Como já referido, esta regra é a comummente aceite pela doutrina e jurisprudência nacional e estrangeira. No entanto, há autores que, defensores da natureza locatícia do contrato de locação financeira, invocam a nulidade de cláusulas de exoneração de responsabilidade do locador financeiro. É o caso de

RESCIO78, para quem, apesar do carácter financeiro deste contrato, o mesmo não se pode escusar da sua

natureza locatícia, o que, por si só, torna a cláusula de exoneração uma cláusula abusiva. Para este autor a função não é tudo e o carácter financeiro do contrato não deve ser a razão pela qual se deve evitar toda a

disciplina jurídica da locação e da compra e venda com reserva de propriedade.79Não nos parece, à margem

de tudo o que até aqui ficou analisado, ser esta uma posição a ter em conta.

Uma imagem que não poderíamos deixar de retratar é a que nos é transmitida pelos autores que defendem a isenção de responsabilidades do locador financeiro mediante a condição da existência (ou disponibilização por aquele) de meios de reação do locatário diretamente contra o vendedor. É o que GARCIA SOLÉ defende. Para este autor, o locador financeiro ficará exonerado de qualquer responsabilidade se, por um lado, este atuar sem dolo e sem conhecimento dos vícios e, por outro, este é obrigado a conceder

ao locatário meios para poder reagir contra o vendedor80 . Parece-nos claro que esta tentativa de garantir a

defesa do locatário financeiro é de todo legítima. De facto, em ordenamentos jurídicos em que o direito positivo ainda não adotou qualquer posição face a uma exoneração concreta do locador financeiro e, subsidiariamente, um modelo de tutela do locador financeiro, tal solução parece-nos, à primeira vista, que serve o propósito. Compreende-se esta posição pela consciência de prover o locatário financeiro de armas que o permitam colocar-se numa situação tão forte e privilegiada quanto a do locador financeiro, num

eventual confronto com o vendedor. É a referência que nos dá GIORGIO DE NOVA81, considerando a

legalidade da cláusula de exoneração total do locador financeiro na exata medida em que esta coloca o locatário nas necessárias condições de exercer os seus direitos face ao vendedor do bem.

Ora, estamos já em posição de assumir que em face do quadro jurídico vigente da locação financeira82

e das posições doutrinais analisadas, o locador financeiro exonera-se de qualquer responsabilidade face à desconformidade do bem pois este é o mero financiador da aquisição do mesmo, não se interessando por ele, a mais das vezes nem chega sequer a conhecê-lo.

77 BUITRAGO RUBIRA, José Ramón, ob cit. pp. 197 e 198.

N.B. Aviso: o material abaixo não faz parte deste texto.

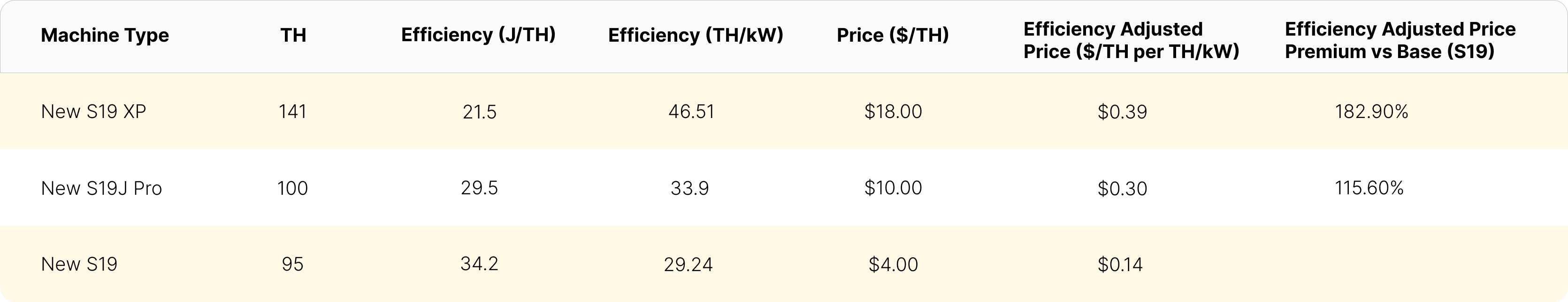 While this metric is important, it fails to directly consider efficiency – a key determinant of an ASIC miner’s economic performance. To provide an obvious example of what is missing by considering only the hashrate-adjusted price, in the table below we assume that the S19j Pro and the S19 XP are listed at the same price per terahash. In terms of the hashrate-adjusted ASIC price ($/TH), both models would be priced at an equivalent 150% premium to the S19. However, since an S19 XP has a better efficiency profile than a S19j Pro, it is clearly a much better purchase. As such, an S19 XP should demand a higher percentage premium on an efficiency adjusted basis when compared to an S19.The typical hashrate-adjusted ASIC price measure misses this completely.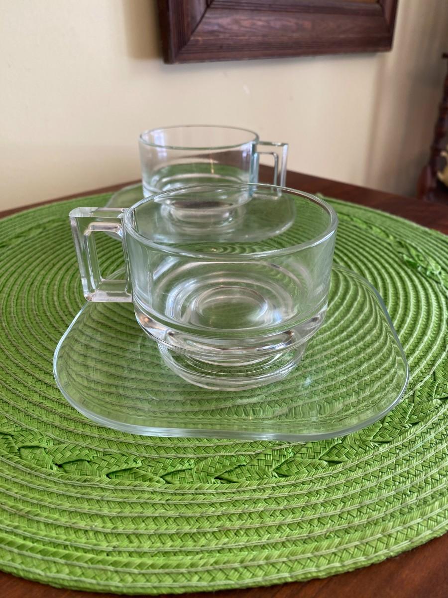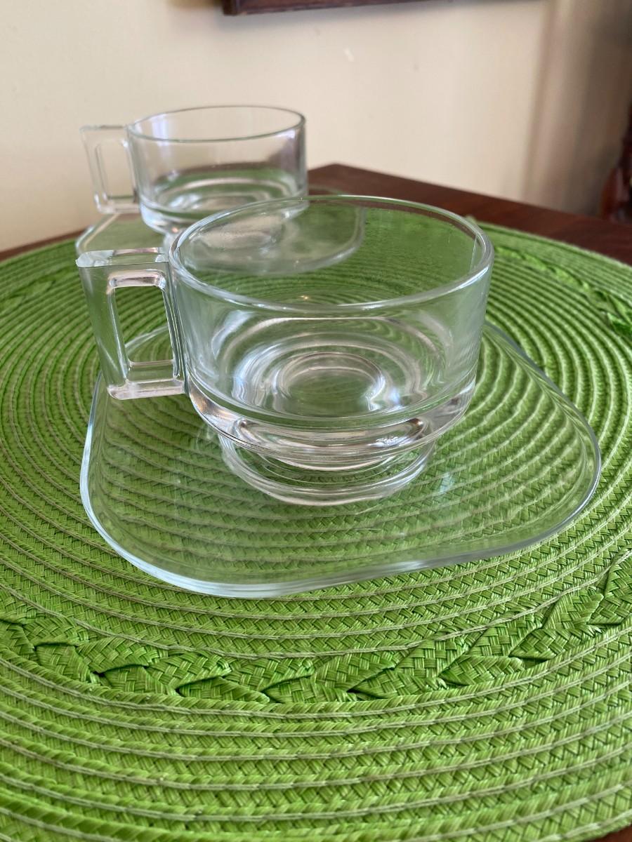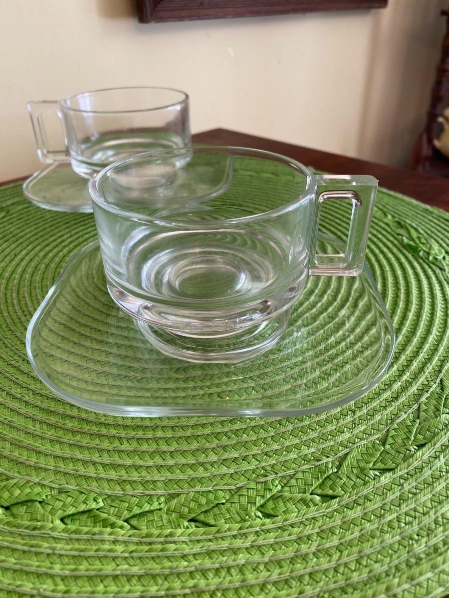 Art Deco Joe Colombo Italora Arno Clear Glass Cup and Saucer Set 1

78 RESCIO, G.A., La translazione del rischio contrattuale nel leasing, 1989, pp. 150 e ss., apud GONZÁLEZ CASTILLA, ob cit. p. 184.

79 idem

80 GARCÍA SOLÉ, F., La subrogación em los derechos de la compañia de leasing frente al proveedor o vendedor, Act. Civil, 1989, pp 299 e ss, apud GONZÁLEZ CASTILLA, ob cit. p. 184 e apud MORAIS, Fernando de Gravato, ob cit. p. 186.

81 De Nova, Giorgio, Il contrato di leasing, 3ª Ed., Milano, 1995 apud MORAIS, Fernando de Gravato, ob cit. p. 186.

82 O artigo 12º do Decreto-Lei nº 149/95 consagra a exoneração do locador financeiro no tocante aos riscos inerentes à desconformidade do bem.